Bicarbonate is the principal buffer in dialysate, but only few studies have assessed outcomes of patients treated with different dialysate bicarbonate (DB) concentrations. A recent study in AJKD looked at the association of DB concentration with mortality in the Dialysis Outcomes and Practice Patterns Study (DOPPS), and found that high DB may be associated with increased morbidity and mortality. Dr. Francesca Tentori (FT), lead author of the article, discussed the findings of the study with Dr. Abdo Asmar (eAJKD), eAJKD contributor.
eAJKD: Why are you interested in this topic?
FT: The DOPPS is a longitudinal prospective cohort study of hemodialysis practices in more than 20 countries. The DOPPS focuses on modifiable practices as a means to improve patient outcomes. Many factors, such as patient age and diabetes status, are strong predictors of mortality, but are not modifiable. Other factors of dialysis treatment, such as the dialysate composition, can be adjusted and may have an effect on patient outcomes. Using DOPPS data, we have the ability to observe variability in practices between countries. Given that sodium bicarbonate is the principal buffer used in dialysate and that the optimal concentration is unknown, we wanted to study the DB prescription and its association with clinical outcomes. As we were conducting these analyses, dialysate alkali concentration became the subject of a communication issued by the FDA, and interest in this topic has grown within the dialysis community.
eAJKD: Could you discuss DB concentration versus total base levels? Would the study results have changed if you had looked at total buffer and not just DB?

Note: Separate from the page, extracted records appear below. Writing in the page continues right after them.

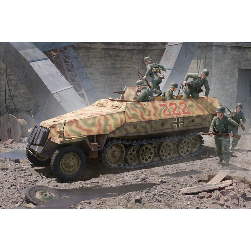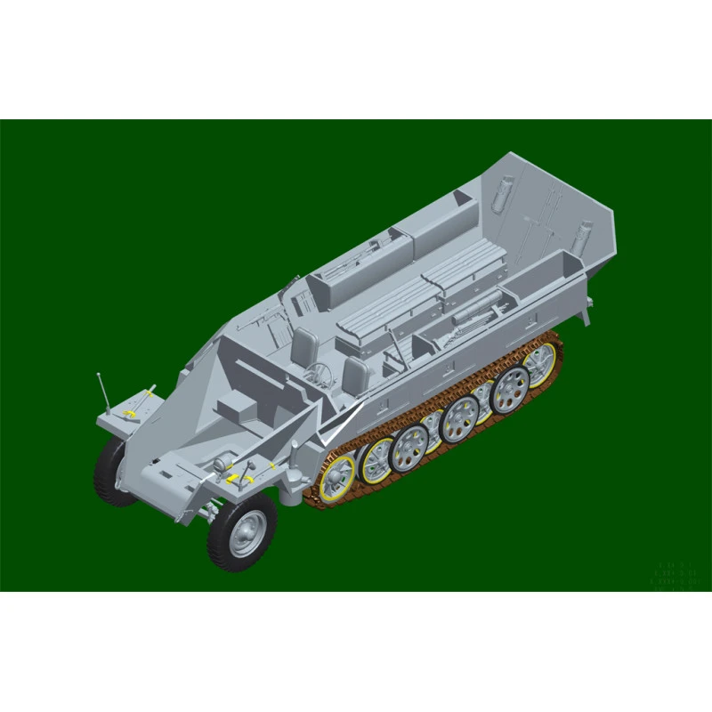 Au cours de sa production, quatre versions de base du Sd.Kfz 251 ont été développées : les Ausf. A, B, C et D. Ces versions différaient principalement par des détails liés au processus de production et par la disposition interne des éléments. La version D, reproduite par cette maquette Trumpeter®, est l’une des plus largement utilisées, connue pour sa simplification de la production et sa robustesse accrue.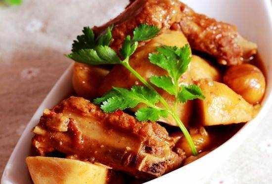 原料:芋頭600克,栗子200克,排骨400克,生薑1片,大蒜3瓣,洋蔥1片,油10克,花生醬8克,醬油5克。、鹽3克、料酒10克
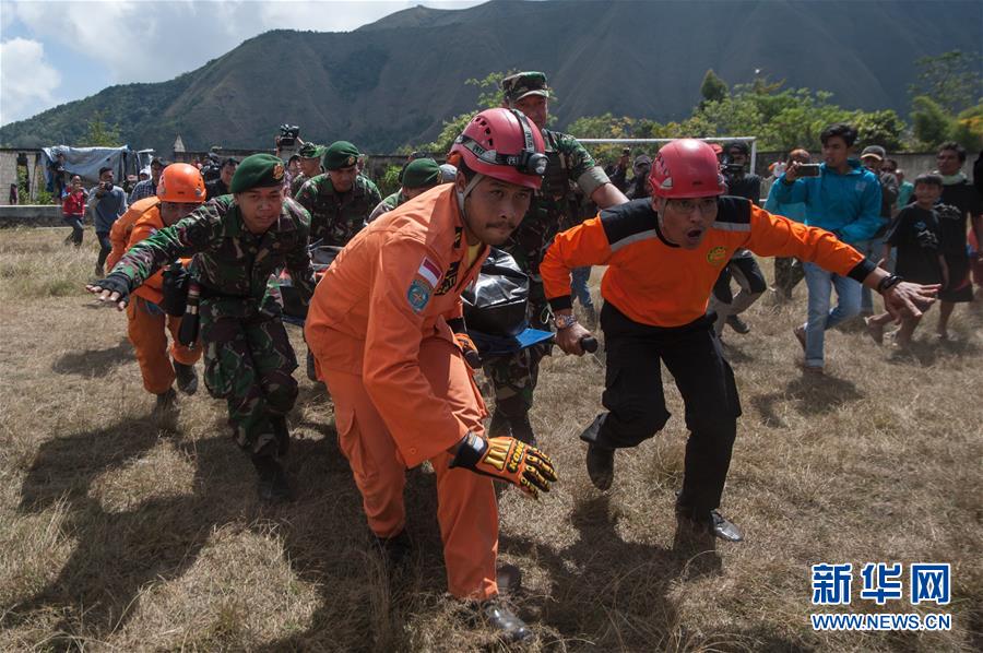 7月31日,在印度尼西亚龙目岛,救援人员运送一名遇难人员的遗体。 印度尼西亚抗灾署31日确认,已成功撤离543名被困在印尼西努沙登加拉省龙目岛林贾尼火山的登山人员。龙目岛29日发生6.4级地震,岛上的林贾尼火山因地震引起山体滑坡,阻断多条登山道路,数百名各国登山人员被困。 新华社发(维里·萨诺弗里摄)
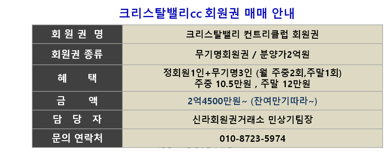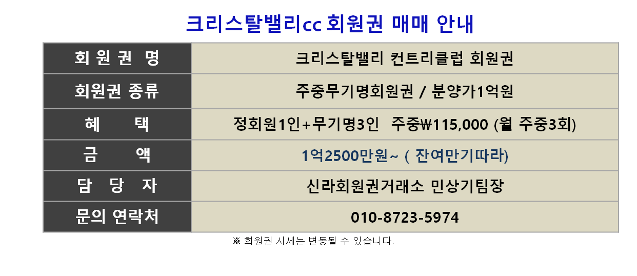 주의사항: 회원권 시세는 시장 상황에 따라 변동될 수 있으므로, 정확한 정보는 신라회원권 거래소나 크리스탈밸리 컨트리클럽에 문의하시는 것이 좋습니다.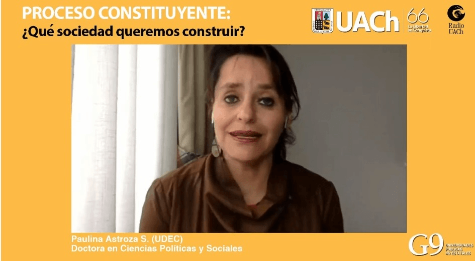 Gran cantidad de consultas y comentarios recibidos en las redes sociales fueron la prueba del interés que generó el seminario virtual “Proceso constituyente: ¿Qué sociedad queremos construir?”, encuentro que se llevó a cabo la tarde del martes 29 de septiembre y que reunió a especialistas en ciencia política y derecho constitucional de las universidades de Concepción, Católica de Temuco y Austral de Chile, quienes expusieron sobre los desafíos para nuestro país en este momento histórico.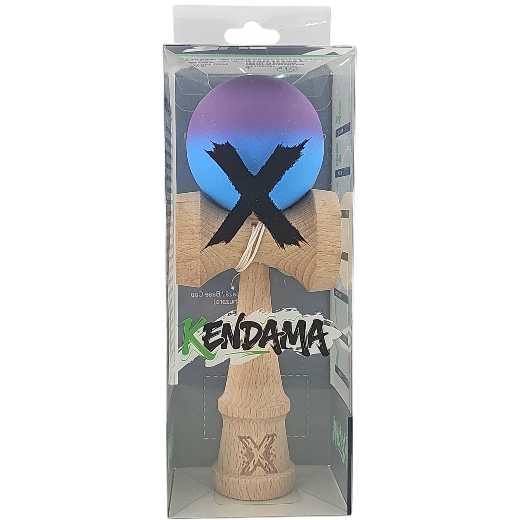 Kendama X Originala, Profesionala, Flippy, din Lemn, Rubber Grip, 18 cm, Gradient Violet/Albastru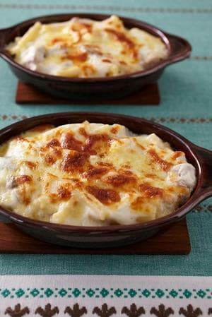 耐熱皿に【7】を等分に入れて、残りのホワイトソースをかけ、ピザ用チーズを全体に散らす。オーブントースターに入れ、チーズが溶けて焼き色がつくまで、10分ほど焼く。

FT: My sense is that the majority of nephrologists may not be aware of this difference. The DOPPS has asked about DB for a number of years. We realized that we might be underestimating the actual total base in the dialysate. We added a specific question about total base instead of only DB. Interestingly, similar numbers were reported back. It appears that the difference between the two was not evident to many people who responded. Providers routinely prescribe DB forgetting that the acetate (about 2-8 mEq/L) component of the bath, which gets metabolized in the liver to bicarbonate. I think we can say that the association between the higher DB and mortality might be greater than we think, given that we are underestimating the total base by just being reporting the DB.
eAJKD: Were you surprised to find the increased mortality was predominantly driven by infection-related complications rather than cardiovascular causes? How do you explain this?
FT: I was certainly surprised by this finding. We tested the association with infections, postulating that it would be null. Our thoughts going into this were that higher DB would lead to the development of intradialytic and postdialytic alkalosis that might act two ways. First, during the treatment, patients might have a rapid transcellular shift of electrolytes resulting in higher incidence of arrhythmias and sudden death. Second, during the interdialytic period, alkalosis might increase precipitation of calcium leading to cardiovascular calcifications and perhaps more cardiovascular events. We found that there is a very strong association between higher DB and mortality related to sepsis. The type of infection and the reason for infection is less clear. There is some evidence from basic science studies that extracellular acidosis may be associated with an improved response of the dendritic cell antigen-presenting capacity. One could speculate that alkalosis may lead to a decreased immune response and more infections, but that is speculative at this time, and more studies are needed to answer this question.
eAJKD: Your study found that tailoring the DB concentration to a specific acid-base status did not result in any survival benefit. How do you explain this finding? What should clinicians use to determine the optimal DB concentration?
FT: Even though we have applied a robust analysis, the design of observational studies does not allow us to prove a causal relationship. Hence, we cannot state that higher DB leads to a higher mortality, or that there is no benefit in tailoring the dialysate prescription to a specific patient’s acid base status. Many centers, including about 50% of centers in North America, did not tailor the prescription of the DB to a specific patient’s acid base status, which could have limited our ability to detect potential benefits. Therefore, the lack of association with improved outcomes should not prevent clinicians from making a tailored prescription of DB for a given patient. The patient’s specific clinical status should always be the main factor in deciding the dialysis prescription.